Les corrections apportées par Hannes Meyer au plan d’études, en 1928, firent perdre à la pédagogie du Bauhaus une part de son originalité, mais accrurent son efficacité. En outre, plus encore qu’en 1925-26, lors de la construction des bâtiments de Dessau, les ateliers furent alors appelés à collaborer à une grande entreprise collective, la réalisation de l’école de cadres de la Confédération des syndicats allemands à Bernau, près de Berlin, attribuée par concours à Hannes Meyer. Les inévitables attaques vinrent cette fois-ci de droite, dirigées contre un engagement politique que Hannes Meyer, moins diplomate que Gropius, ne sut ou ne voulut pas éviter.

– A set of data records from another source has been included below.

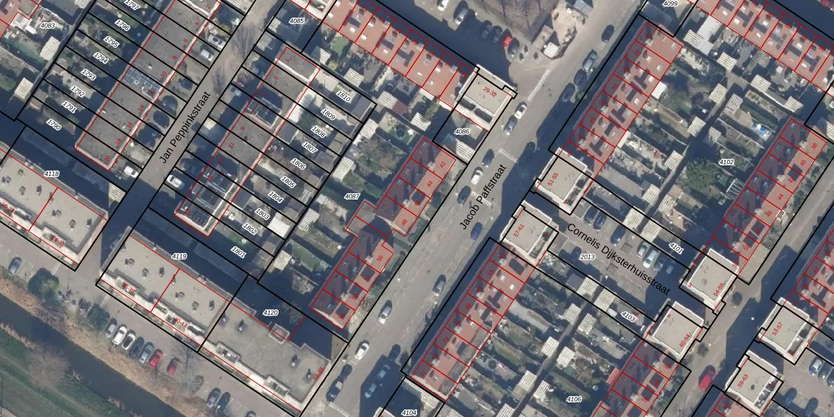 Jacob Paffstraat 46 is gelegen op kadastraal perceel STN02G4087. Deze kadastrale aanduiding is uniek en wordt gebruikt door het Kadaster om eigendomsrechten en andere zakelijke rechten vast te leggen. Het perceel maakt onderdeel uit van de kadastrale gemeente Sloten Noord-Holland.
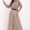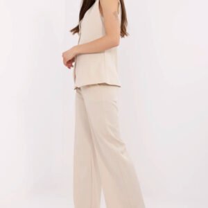 Elegancki komplet damski składający się z kamizelki i spodni, idealny na wizytowe okazje, do pracy lub na imprezę. Wykonany z wysokiej jakości poliestru i elastanu, materiał ten zapewnia wygodę i trwałość, a jednocześnie nadaje całości subtelną elegancję. Komplet doskonale łączy komfort z profesjonalnym stylem, sprawiając, że jest to idealny wybór na bardziej formalne wyjścia. Kamizelka z dekoltem w serek, zapinana na guziki, doskonale komponuje się z szerokimi, długimi nogawkami spodni o wysokim stanie. Spodnie mają boczne wsuwane kieszenie, które dodają praktyczności i nowoczesnego charakteru. Gładki wzór sprawia, że komplet jest ponadczasowy i bardzo uniwersalny. Idealny na eleganckie spotkania, do biura lub na wieczorne wyjścia, zapewniając wygodę i szyk w każdej sytuacji.
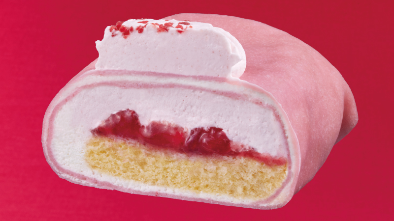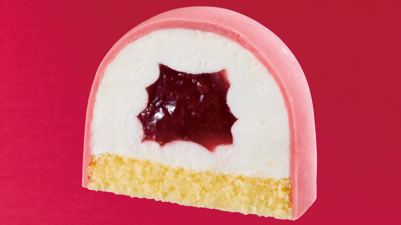 いちごソース入りのミルククリームに、さらにコーティングチョコを上掛けしたドーム状のケーキです。
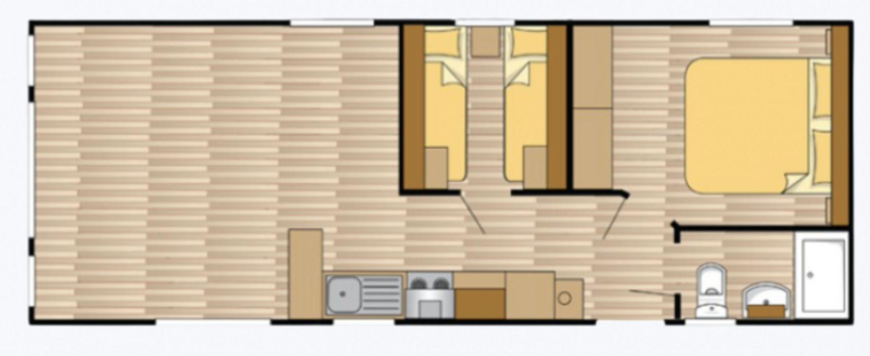 Het chalet heeft een frisse, moderne uitstraling en is van alle gemakken voorzien. Met twee slaapkamers inclusief bedden, genoeg leefruimte en een fijne keuken is dit een heerlijke plek om met z’n vieren te ontspannen.
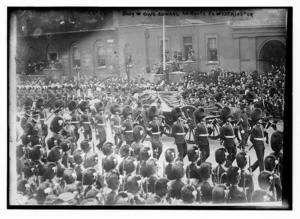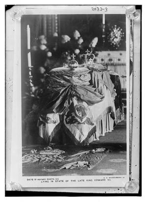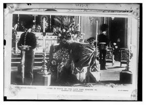 Lying in state of the Late King Edward VII. Guarded by grenadiers.
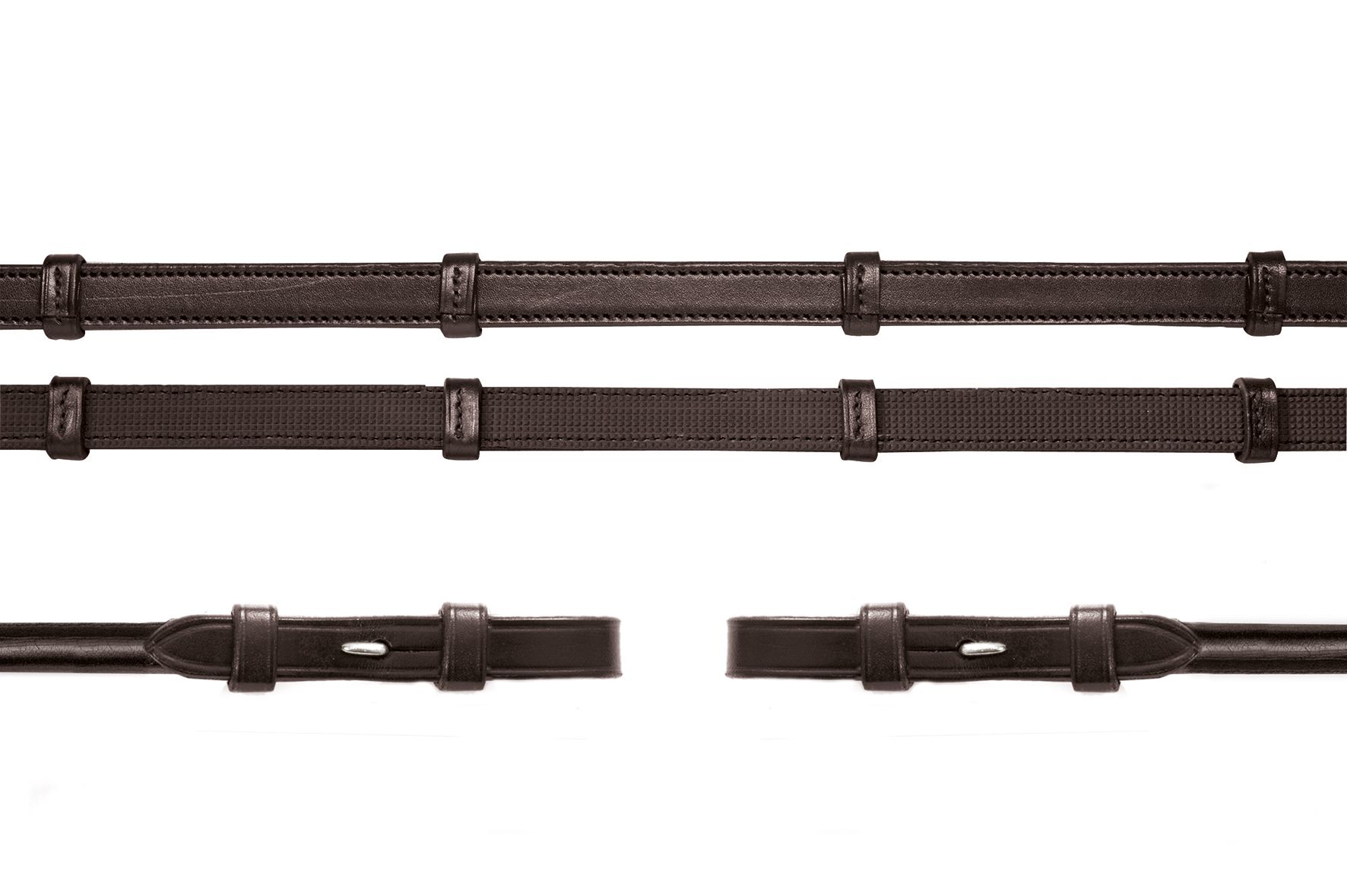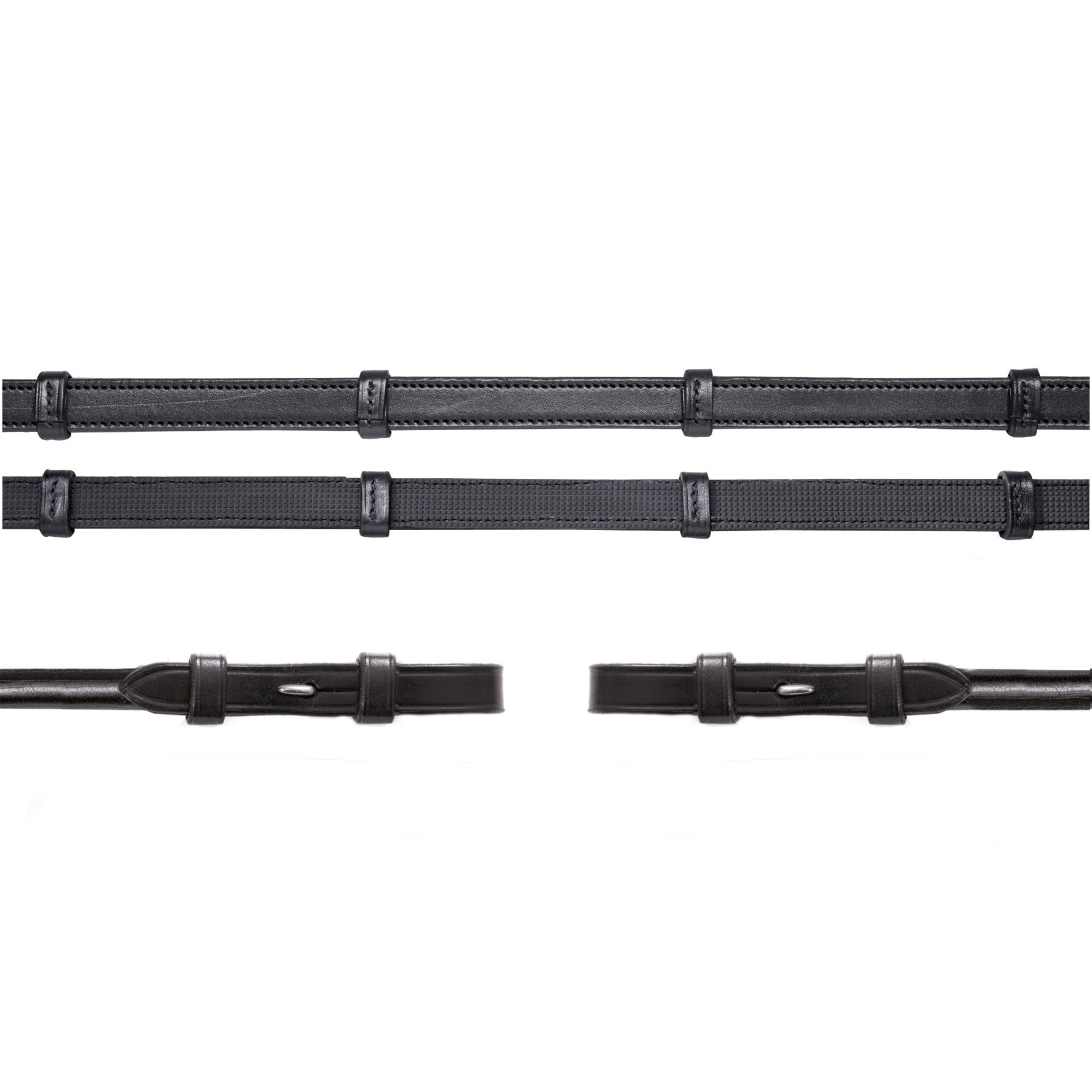 Deze speciale, rondgenaaide teugels met haak- en drukknoopsluiting overtuigen door hun twee verschillende zijden: de bovenzijde van de teugels is gemaakt van glad leder met stops, terwijl de rubberen achterkant zorgt voor een betere grip.
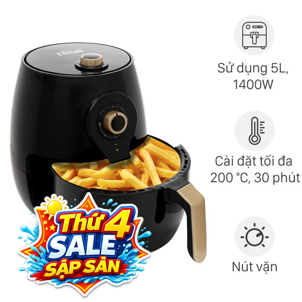Sản phẩm sử dụng công nghệ làm nóng tiên tiến Rapid air kết hợp công suất 1400W, không những làm chín đều thực phẩm nhanh chóng mà còn giảm thiểu đến 80 - 90% lượng dầu mỡ có trong thức ăn.
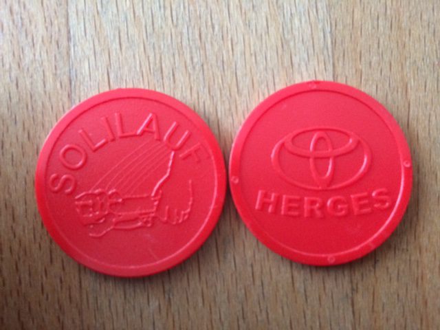Sie sind da. Zum ersten Mal werden am Getränkestand nicht 2€ als Pfand hinterlassen, sondern die original für den Solilauf bedruckten Pfandchips! Und das Beste: Dafür hat sich auch ein Sponsor gefunden: Toyota Herges. Vielen Dank an den Spender.
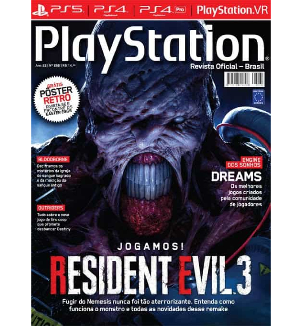 Uma publicação que apresenta dicas e truques dos melhores lançamentos para Playstation. Resident Evil 3, Fugir do Nemesis nunca foi tão aterrorizante. Entenda como funciona o monstro e todas as novidades dessa remake; Bloodborne: Deciframos os mistérios da igreja do sangue sagrado e da maldição do sangue antigo; Outriders: Tudo sobre o novo jogo de tiro coop que promete desbancar Destiny; Engine dos sonhos, Dreams; Os melhores jogos criados pela comunidade de jogadores e muito mais.
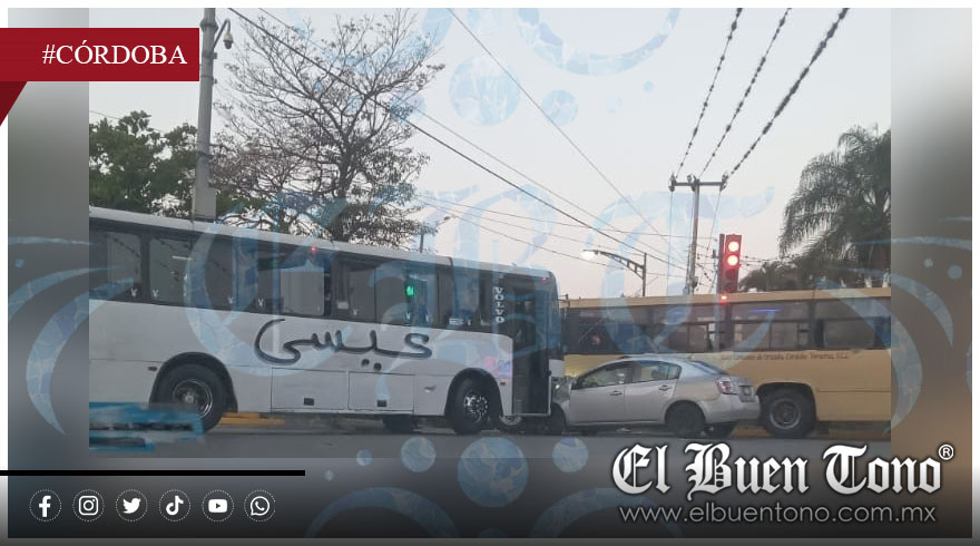 Córdoba, Ver.- La irresponsabilidad de uno de los conductores por no respetar la luz roja del semáforo, provocó que un autobús de la línea Plateados, chocara un automóvil particular, este viernes Santo por la mañana en la avenida 11 y calle 10.
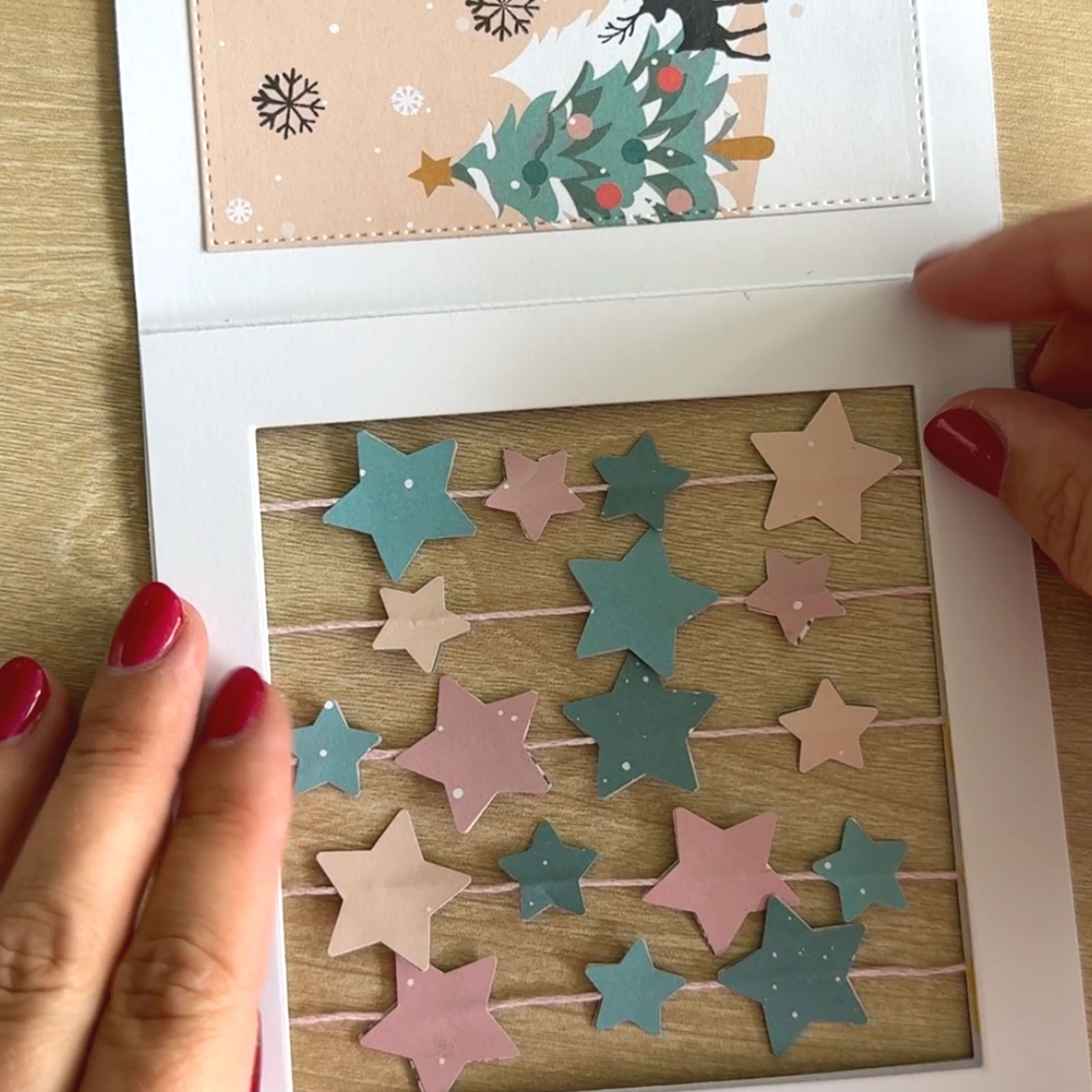 Op zoek naar een leuke kerstknutsel? Maak deze feestelijke kerstkaart met een venster en hangende sterren van papier. Leuk om te maken én extra speciaal om te versturen!
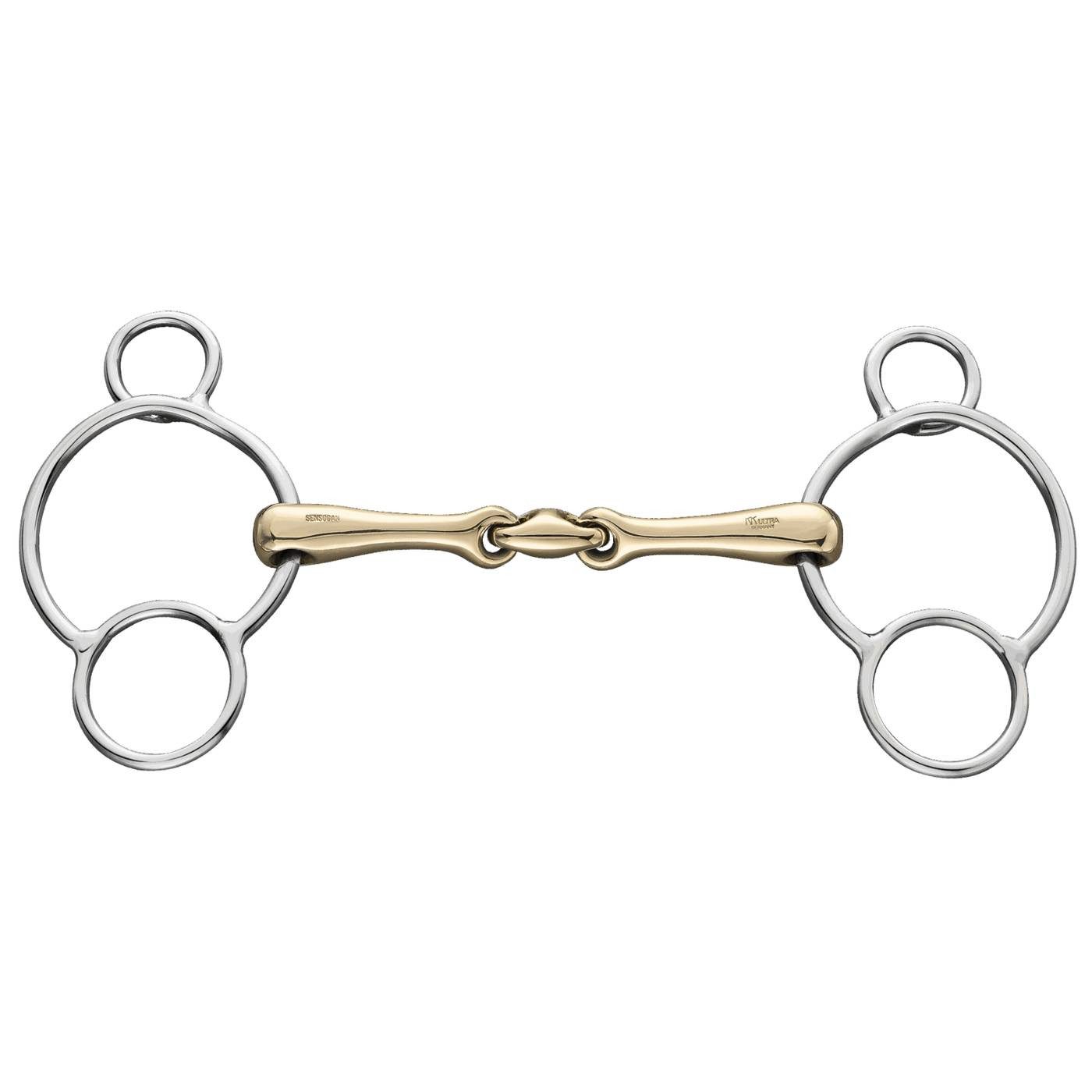 Kann wie die 3-Ring Trensen in verschiedener Weise ein geschnallt werden (siehe Abb.) und ist besonders vielseitig einsetzbar. Ist auch für sensiblere Pferde geeignet, da es etwas „weicher“ ist als das Modell 40607. Die Hebelwirkung auf das Genick setzt durch die oberen versetzten Ringe später ein. Beim Einsatz in der Vielseitigkeit wird bevorzugt mit dem ebenfalls erhältlichen Lederriemen geritten, der den Druck auf das Genick begrenzt und zusätzlich Druck auf den Unterkiefer ausübt. Doppelt gebrochene Gebisse, bei denen das olivenförmige Mittelstück – im Vergleich zu herkömmlichen Gebissen – gekürzt und in einem Winkel von 45° nach vorne geneigt ist. Nur bei dieser Winkelstellung liegt das Mittelstück besonders sanft auf der Zunge. Die Gebisse ermöglichen deshalb eine erheblich bessere Anlehnung und sehr feine Zügeleinwirkung.
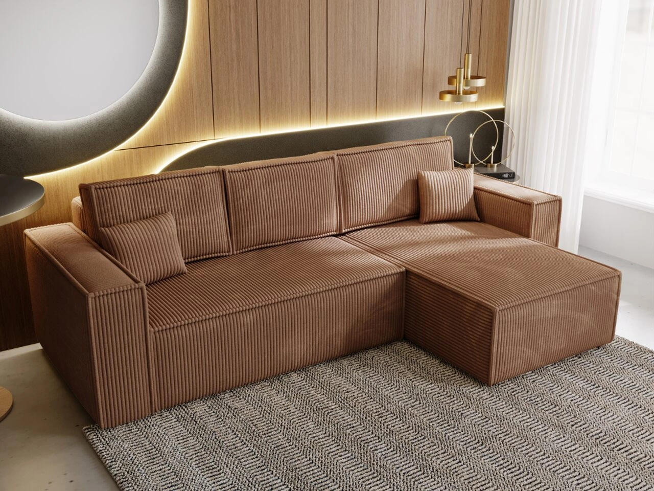 Top ist ein moderner Cord-Polsterstoff mit markanter Rippenstruktur und einer weichen, angenehmen Haptik. Die dichte Webart und die kräftige Struktur verleihen Möbeln einen eleganten und zugleich gemütlichen Charakter. Der Stoff ist strapazierfähig und weist eine Abriebfestigkeit von etwa 25.000 Martindale-Zyklen auf, wodurch er sich gut für den täglichen Gebrauch eignet. Top Cord behält seine intensiven Farben und bleicht nicht unter Lichteinfluss aus, was ihn zur idealen Wahl für moderne, vom Retro- oder Boho-Stil inspirierte Innenräume macht.
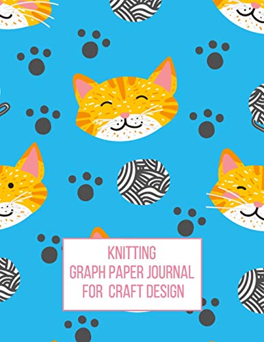 Knitting Graph Paper Journal for Craft Design: Gift for Knitters to Create Craft Projects 4:5 Ratio Cute Cats and Balls of Yarn on Blue Background full version
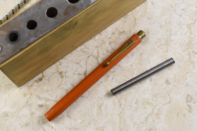 The lowly Wearever brand, produced by David Kahn, Inc., doesn't get as much love as it should. Kahn was a real visionary in writing instruments who found ways to make pens and pencils that mimicked the look of higher priced brands, but more cheaply and efficiently. They remain plentiful today, and since it takes a lot to knock one of these out of commission, the fact that almost all of them still work today means that there hasn't really been much call for me to dive into repairing one.
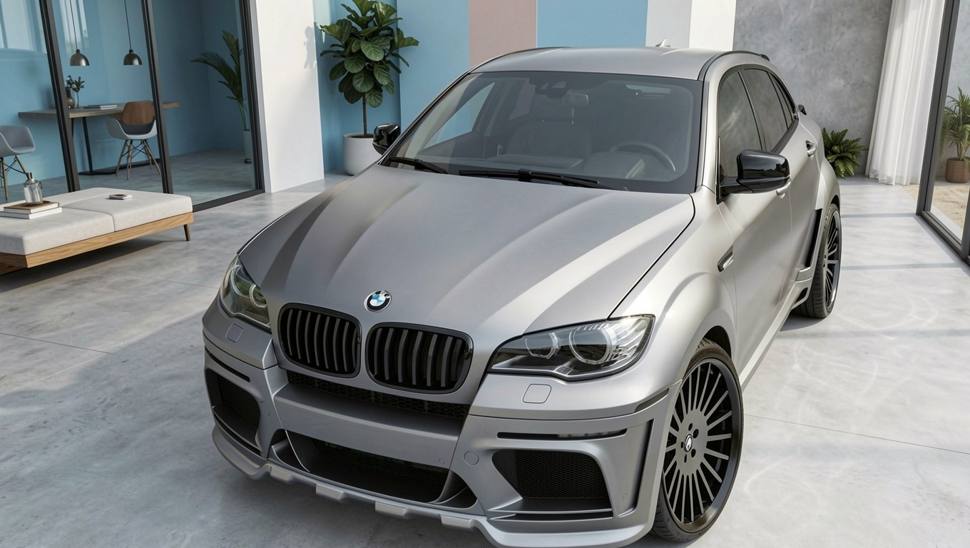 Серый матовый BMW X6 в современном интерьере

Les ateliers et le Vorkurs

Pendant les premières années de Weimar, la pénurie de moyens et d’équipement, aggravée par les insuffisances techniques et les incertitudes esthétiques, ne permit guère qu’un bricolage hésitant. Aussi est-il naturel que ce soit l’atelier de céramique (Gerhard Marcks [né en 1889], Otto Lindig) qui ait eu, durant cette période, la production la plus abondante et la plus achevée. En revanche, les meubles qui sortent alors de l’atelier de menuiserie sont, pour la plupart, assez gauches : le simplisme des assemblages, la lourdeur des formes schématiques, un bariolage cru, une allure générale primitiviste trahissent l’inexpérience autant que les contradictions des sollicitations expressionniste et néo-plastique, qui s’exercent conjointement. Seuls le mobilier dessiné par Gropius pour son propre bureau et quelques meubles isolés dus à Albers ou à Breuer tranchent, par leur équilibre et leur réserve, sur une production dans l’ensemble incertaine. C’est seulement à Dessau, lorsque Breuer*, passé « maître », aborde de front le problème du mobilier industrialisé, que l’activité de l’atelier d’ameublement prend une signification historique.

La production de l’éphémère atelier du vitrail fut à peu près nulle, mais le fait même que cet atelier ait été créé mérite d’être relevé. Cette création se situe en effet au point de rencontre de deux recherches indépendantes. D’une part, dès avant 1914 (v. der Blaue* Reiter), des peintres, tels Marc, Macke, Klee* lui-même — sous l’influence à la fois de Robert Delaunay et du Néerlandais Johan Thorn Prikker (1868-1932), un des artisans de la renaissance du vitrail —, avaient posé le problème de la couleur-lumière. D’autre part, dans les mêmes années de l’avant-guerre, l’« architecture de verre » des premiers architectes expressionnistes (Bruno Taut [1880-1938]) supposait l’emploi non de vitrages incolores, mais de structures à facettes dans lesquelles étaient sertis des losanges de verre multicolore, tirant de la lumière des harmonies mouvantes comparables à celles des vitraux des cathédrales. Ces recherches sur le vitrail semblent bien avoir été à l’origine de l’idée des projections lumineuses colorées — indépendantes du cinéma abstrait — de Kurt Schwerdtfeger (1897-1966) et de Ludwig Hirschfeld-Mack (né en 1893), dans lesquelles on peut voir des incunables du lumino-cinétisme (v. cinétique [art]).